Protecting organizations from these attacks is as easy as establishing a proper privileged access management program. Still, it requires a methodical approach: even after discovering and vaulting the most coveted accounts, it is essential to look at standing privileges across the estate. As headlines continually show us, managing your standing privileges is one of the most critical and effective methods to prevent lateral movement and halt most incidents. The longer you wait to address it – the greater your chances of becoming a headline.
What advice would you give to different companies regarding endpoint security? Would securing endpoints be the future of cybersecurity?
Endpoint security has gained much importance lately, particularly with EDR, endpoint detection response and XDR. It has become a buzzword and is a solution that all organizations are looking to implement if they haven’t done so already. However, it’s also important to recognize that the EDR/ZDR solutions are backwards-looking: meaning that for them to work, a threat has to occur or an attack is progressing, which these EDR/XDR solutions may first detect and then stop. So, it does not prevent an attack; it stops it from moving forward or worsening its impact.
There is no one size fits all solution that can 100% prevent the incidents we see – something is bound to get in. The attacks we see today are a testament to that. Looking ahead, the future of cybersecurity will look further upstream from a protection perspective and ask how we stop lateral movement instead of acting after the fact.
Since we see the trend of the moment, the – Zero Standing Privilege, what are your thoughts on this new security strategy? What benefits might come from it?
As we touched on earlier, the idea that authenticated individuals have 24/7 access to privilege sprawl is a hacker’s ‘field day.’ The only way to prevent a hacker is to take all the privileges away. To do these, zero standing privileges need to be implemented.

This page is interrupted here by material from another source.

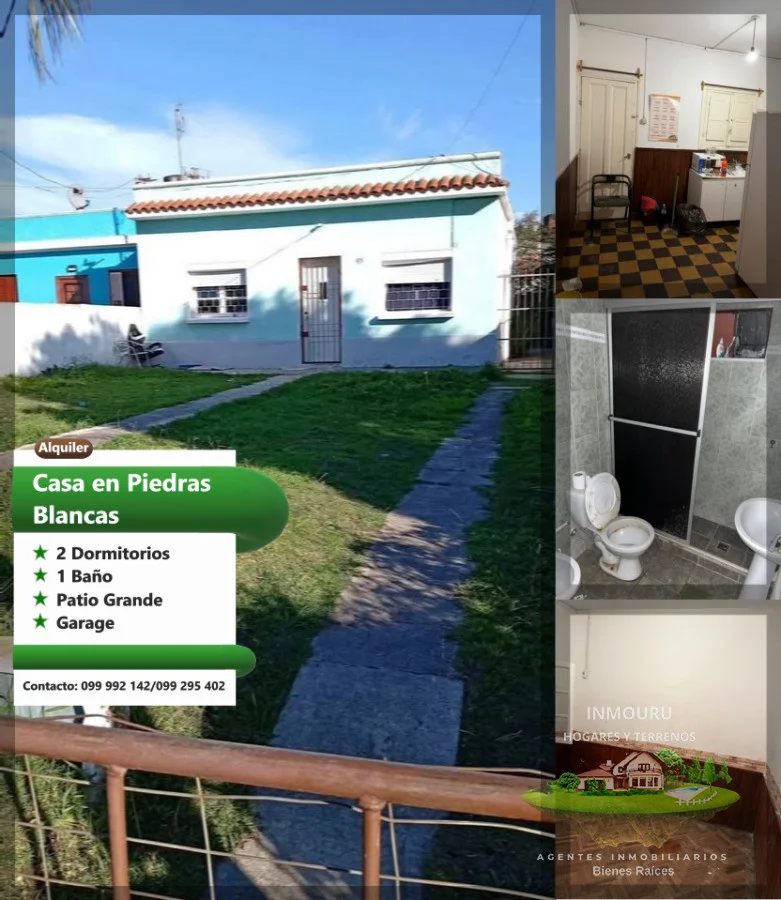 Ubicacion: Capitan tula esquina Sebastián Rodríguez - Piedras Blancas - Montevideo 2 Dormitorios 1 Baño Tiene patio No tiene parrillero No tiene estufa Tiene garage Casa Acepta mascotas Tiene fondo cerrado con rejas Garantia: ANDA Alquiler $20,000 + Luz y agua consumo del inquilino Honorarios Profesionales: 1 Mes de Alquiler + IVA Agente: Valeria. Referencia Interna : Tera-2027
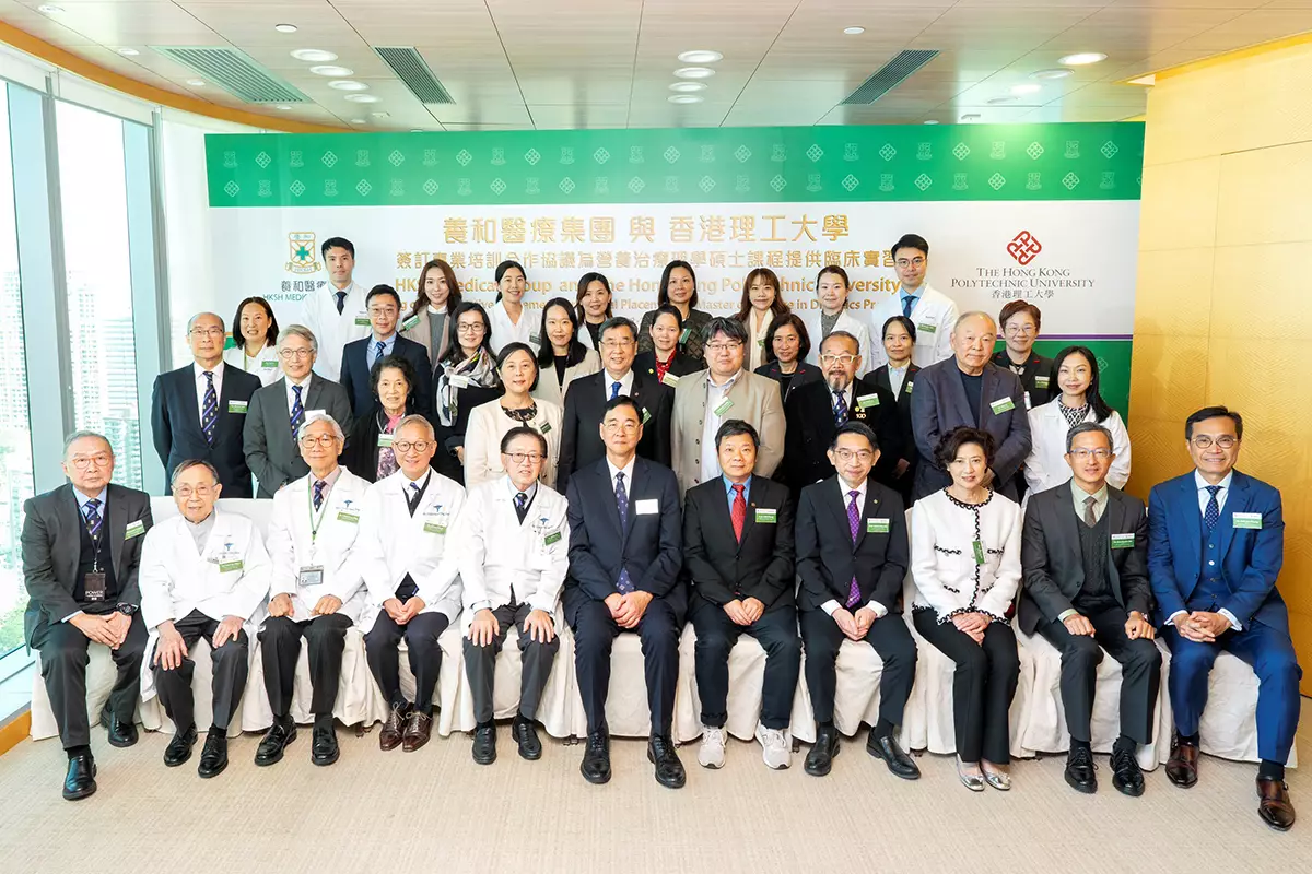 隨着本港人口老化加劇,對營養師等醫療保健專業人員的需求持續上升。為回應社會需求,香港理工大學(理大)於 2025/26 學年開辦營養治療理學碩士課程,致力培養新一代營養專才。理大今日與養和醫療集團(養和)簽署合作協議,為有關課程學生提供臨床實習機會。這次合作標誌着雙方在培育營養專才方面邁出重要一步,攜手為本地醫療、食品業界、科研、教育及公共衛生等領域培養兼具專業知識與實踐經驗的營養人才,造福社會。

ZSP states that there should be no 24/7 access available to anybody in the organization. When Remediant SecureONE is protecting systems with ZSP and JITA, our customers find that even the red teams express frustration that they cannot complete their tasks and confirm that the environment is very well protected from privilege escalation and lateral movement. It is fundamental to solid security, and zero-standing privilege is the best way to get there.